Problem to solve:
Would you please repeat exactly the entries below, starting at the line with "Bali memiliki setidaknya" and ending at the line with "D’autres avantages sont", and nothing outside that range? Leave out the pictures.

Data to examine:

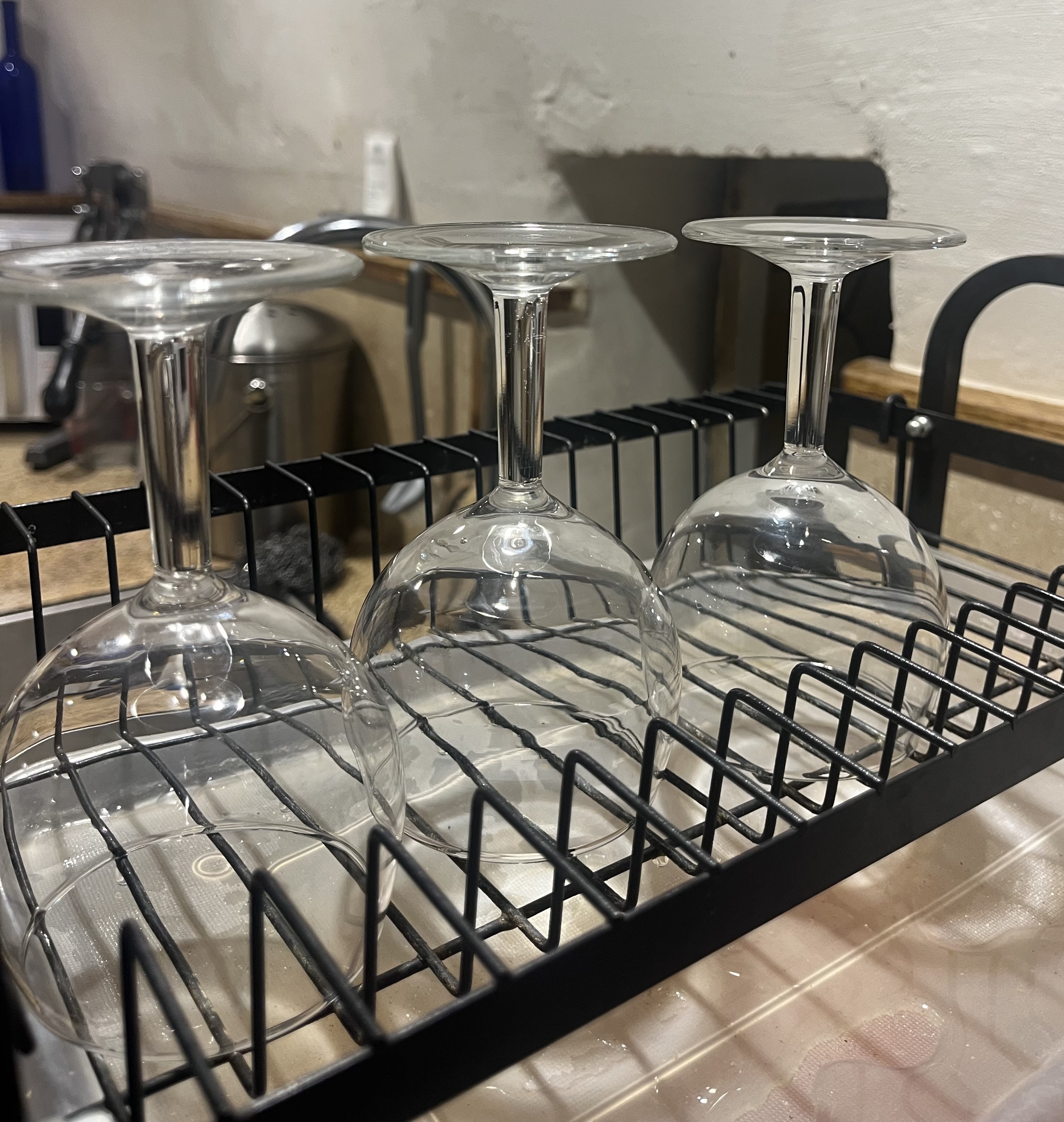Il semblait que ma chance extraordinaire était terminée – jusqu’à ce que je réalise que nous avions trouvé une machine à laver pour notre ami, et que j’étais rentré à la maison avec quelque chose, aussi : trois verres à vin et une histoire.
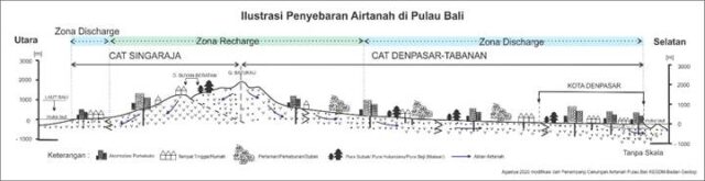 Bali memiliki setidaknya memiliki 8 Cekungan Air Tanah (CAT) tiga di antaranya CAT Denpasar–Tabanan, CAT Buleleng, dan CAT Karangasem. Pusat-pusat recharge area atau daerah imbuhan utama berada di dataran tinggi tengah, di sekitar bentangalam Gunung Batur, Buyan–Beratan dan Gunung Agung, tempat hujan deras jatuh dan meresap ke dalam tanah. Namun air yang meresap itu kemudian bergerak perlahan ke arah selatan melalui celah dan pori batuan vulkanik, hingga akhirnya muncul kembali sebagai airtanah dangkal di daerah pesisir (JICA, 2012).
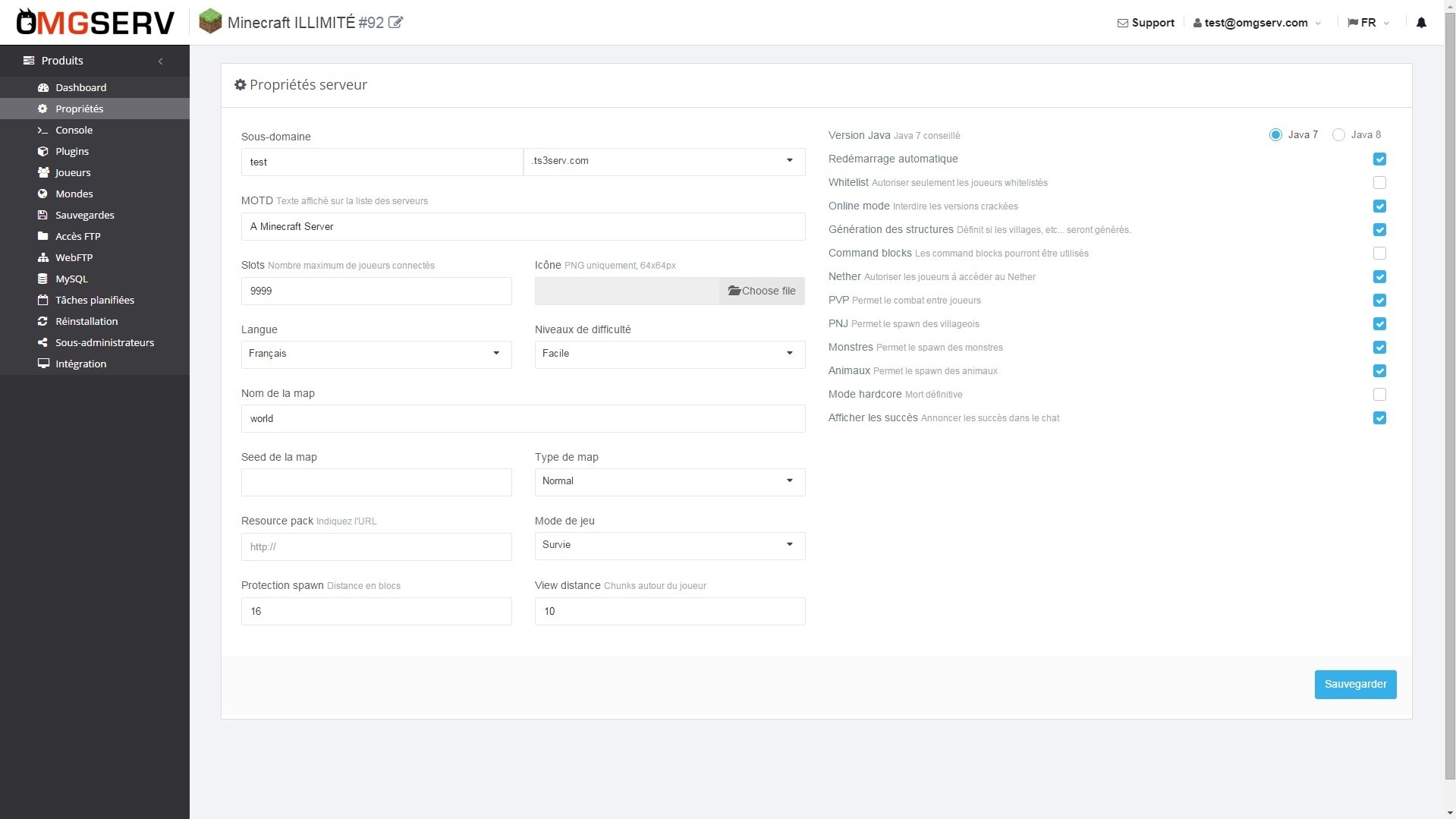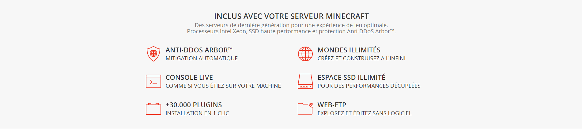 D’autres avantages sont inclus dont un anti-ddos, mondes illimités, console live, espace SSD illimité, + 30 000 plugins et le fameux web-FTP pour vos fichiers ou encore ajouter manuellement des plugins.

...

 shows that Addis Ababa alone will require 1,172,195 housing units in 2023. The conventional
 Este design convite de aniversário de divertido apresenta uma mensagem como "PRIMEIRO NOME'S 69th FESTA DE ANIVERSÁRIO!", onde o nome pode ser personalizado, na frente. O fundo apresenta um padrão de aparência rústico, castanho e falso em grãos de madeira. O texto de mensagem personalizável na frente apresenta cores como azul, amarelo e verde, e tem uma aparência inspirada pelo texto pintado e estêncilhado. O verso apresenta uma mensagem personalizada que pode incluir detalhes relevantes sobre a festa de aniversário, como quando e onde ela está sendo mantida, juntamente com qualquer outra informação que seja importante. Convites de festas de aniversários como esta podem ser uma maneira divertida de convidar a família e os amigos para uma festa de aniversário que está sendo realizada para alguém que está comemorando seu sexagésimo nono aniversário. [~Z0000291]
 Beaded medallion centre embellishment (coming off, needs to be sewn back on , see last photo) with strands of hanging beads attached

Task response:
 Bali memiliki setidaknya memiliki 8 Cekungan Air Tanah (CAT) tiga di antaranya CAT Denpasar–Tabanan, CAT Buleleng, dan CAT Karangasem. Pusat-pusat recharge area atau daerah imbuhan utama berada di dataran tinggi tengah, di sekitar bentangalam Gunung Batur, Buyan–Beratan dan Gunung Agung, tempat hujan deras jatuh dan meresap ke dalam tanah. Namun air yang meresap itu kemudian bergerak perlahan ke arah selatan melalui celah dan pori batuan vulkanik, hingga akhirnya muncul kembali sebagai airtanah dangkal di daerah pesisir (JICA, 2012).
 D’autres avantages sont inclus dont un anti-ddos, mondes illimités, console live, espace SSD illimité, + 30 000 plugins et le fameux web-FTP pour vos fichiers ou encore ajouter manuellement des plugins.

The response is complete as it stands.